Christian Maximilian Baer was a German still life, history and genre painter.
Baer attended the commercial school and grammar school in his home town, then studied drawing at the Nuremberg Royal School of Arts and Crafts under Karl Raupp and accompanied his master on his study trips to the Bavarian Alps.
From 1874, Baer studied painting at the Royal Academy of Arts in Munich under Alexander von Wagner and later under Wilhelm von Lindenschmit the Younger. Baer became associated with the Leibl-Trübner circle. Baer's house no. 21 on the Fraueninsel, the so-called Malergütl, was an artistic hub and became a meeting place for many well-known artists. The house, which is now a listed building, is still owned by the family today.
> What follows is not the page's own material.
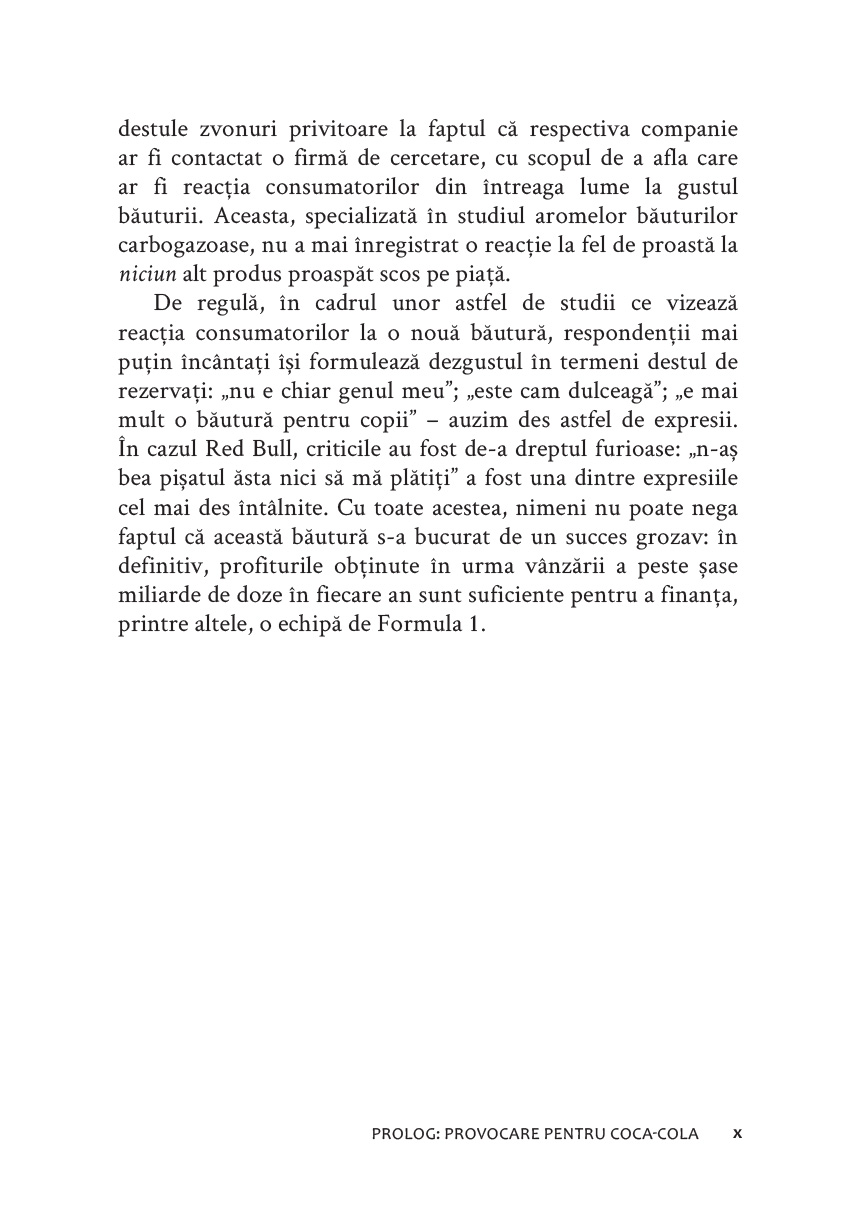 Oare de ce o fi Red Bull atât de popular, dacă nimănui – dar chiar nimănui! – nu-i place gustul? Oamenii sunt, într-un cuvânt, iraționali; își bazează deciziile pe niște semnale subtile (doza aia mică și albastră) și totodată pe calități mai obiective (aromă, preț, calitate). Lumea din jurul nostru este însă deopotrivă complicată și plină de aleatoriu. Asta înseamnă că succesul nu poate fi prezis stând cu nasul într-un raport contabil oarecare. Ca să atingem un filon de aur, trebuie să stăpânim arta enigmatică și strania știință a plăsmuirii unor idei irezistibile: alchimia.

From 1878 to 1911, Baer was represented almost every year at the Munich Glass Palace Exhibitions, where he was twice awarded a gold medal. In 1895 he was a member of the painting jury. In 1911, the year of his death, on the occasion of the jubilee exhibition in honor of the 90th birthday of His Royal Highness, Prince Regent Luitpold of Bavaria, a total of eighteen of his paintings were exhibited in room no. 39. Many of his works appeared in the Gartenlaube.
His wife Rosa Baer, née Stradal (1858-1941), was the sister of the composer and Liszt pupil August Stradal. She also served as a model for many of his paintings.
The engineer Herbert Baer and Friedrich Baer were his sons.